In the past two decades, the Internet and networked devices have not
only transformed societies but also human agency and subjectivity. How
we communicate and relate to others has been shaped by our engagement
with and immersion in digital media, devices and platforms. Social media
in particular can be seen as enablers of unprecedented levels of human
communication and cooperation which result in a sense of recognition and
security for individuals, at the same time users have become data points
which are commodified, surveyed and tracked by companies, governments
and other entities. Contemporary online communication is also often
marked by strong levels of hatred, aggression and polarisation which are
characterised by the symbolic, and sometimes physical, destruction of
the other. This proposed special issue of Psychoanalysis, Culture and
Society places a specific focus on sexualities in contemporary online
spaces.
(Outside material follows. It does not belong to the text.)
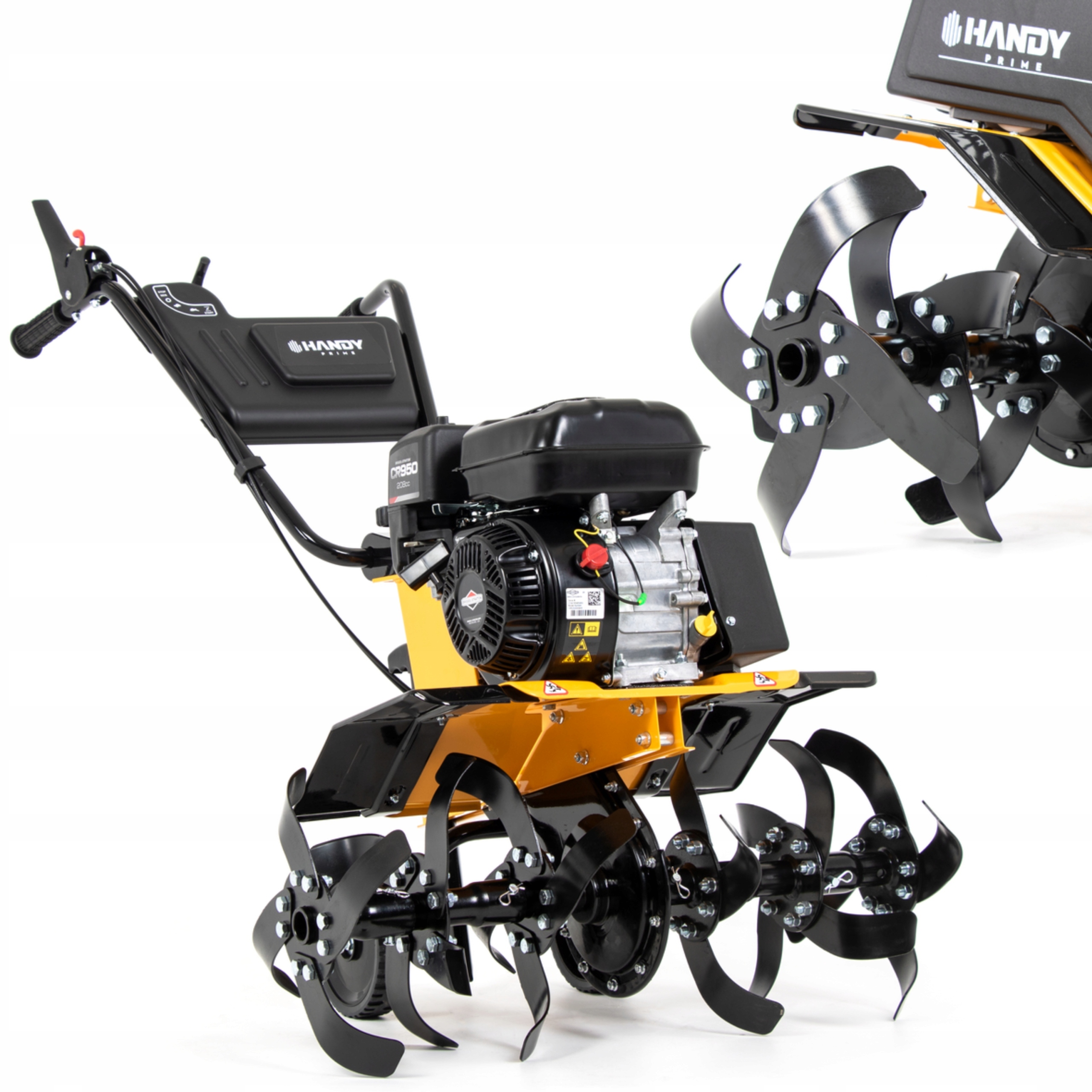 Бензинова фреза Handy Prime NG950BC дозволить вам обробляти та розпушувати ґрунт за допомогою спеціальних ножів, які приводяться в рух завдяки 4-тактному двигуну відомої, всесвітньо відомої компанії Briggs & Stratton серії CR950 (литий). залізна гільза). Він має об’єм 208 см3 і потужність 4,2 кВт. Робоча ширина фрези 36-55-85 см, максимальна робоча глибина 35 см. Одна передача вперед і назад разом з міцними опорними колесами дозволяють вільно і комфортно пересуватися з пристроєм. Регульована вертикально-горизонтальна ручка позитивно впливає на комфорт оператора. Сталевий корпус бензинової мотоблока Handy Prime NG950BC гарантує високу механічну стійкість техніки, яка необхідна, якщо ви плануєте придбати її на довгі роки.

Sexualities have become more flexible and fluid thanks to
technology as they are facilitated through hook up apps like Tinder, or
Grindr. In reproductive terms, devices connected to the Internet such as
fertility and health check apps have also become available. The Internet
facilitates an informative and pleasurable engagement with sexualities,
be it through online content, or communities around sexual identities
for example. Subjects reveal aspects about their sexualities online more
than ever before. At the same time, much of mainstream pornography has
been critiqued as depicting women as oppressed, sexualised objects aimed
to satisfy a male gaze. Clinicians have also noted that pornography can
impact young people’s sexual development in harmful ways. Perhaps
somewhat related to the widespread engagement with some forms of
pornography, women are discussed in certain online spaces (such as
forums on Reddit or 4chan) in highly misogynistic terms. Such language
is often inspired by right-wing discourse and imagery which has gained
increasing visibility online. The #MeToo movement on the other hand has
made use of social media for activist purposes in order to resist and
expose the widespread sexual assault and harassment conducted by men. It
has attracted criticism for some of the methods and narratives deployed
which have led to false accusations for example.
It is safe to say that the representation of and engagement with
sexualities has exploded due to digital technologies. There is scope to
interpret such aspects in depth through psychoanalysis in combination
with other approaches.
Possible topics include but are not limited to:
- Psychoanalytic approaches to sexuality
- Psychoanalysis and other conceptualisations of sexuality (e.g.
Foucauldian, Deleuze-Guattarian, queer theoretical)
- Clinical perspectives on sexuality and digital media
- Repression and its status today
- Pleasures, unpleasures – Eros and the death drive
- #MeToo and activism against sexualised violence
- The Alt-Right and online misogyny
- Online pornography
- Livestreaming and camming
- Hook-up apps
- The Internet of Things (fertility devices, sex toys, sex robots, etc.)
- Social media
- Games and gaming cultures
- Virtual reality and forms of simulation
Please send abstracts of no longer than 500 words to Jacob Johanssen
((jacob.johanssen /at/ stmarys.ac.uk) <mailto:(jacob.johanssen /at/ stmarys.ac.uk)>)
by 09 September 2019. Accepted full papers will be due in February 2020.
The special issue will be published in December 2020.
Article length: 6-8,000 words
**
**
*About the journal*
/Psychoanalysis, Culture and Society/is an international, peer-reviewed
journal published by Palgrave
(https://www.palgrave.com/gb/journal/41282). It explores the
intersection between psychoanalysis and the social world. It is a
journal of both clinical and academic relevance which publishes articles
examining the roles that psychoanalysis can play in promoting and
achieving progressive social change and social justice.
Psychoanalysis, Culture & Society benefits a worldwide community of
psychoanalytically informed scholars in the social and political
sciences, media, cultural and literary studies, as well as clinicians
and practitioners who probe the relationship between the social and the
psychic. It is the official journal of the Association for the
Psychoanalysis of Culture & Society.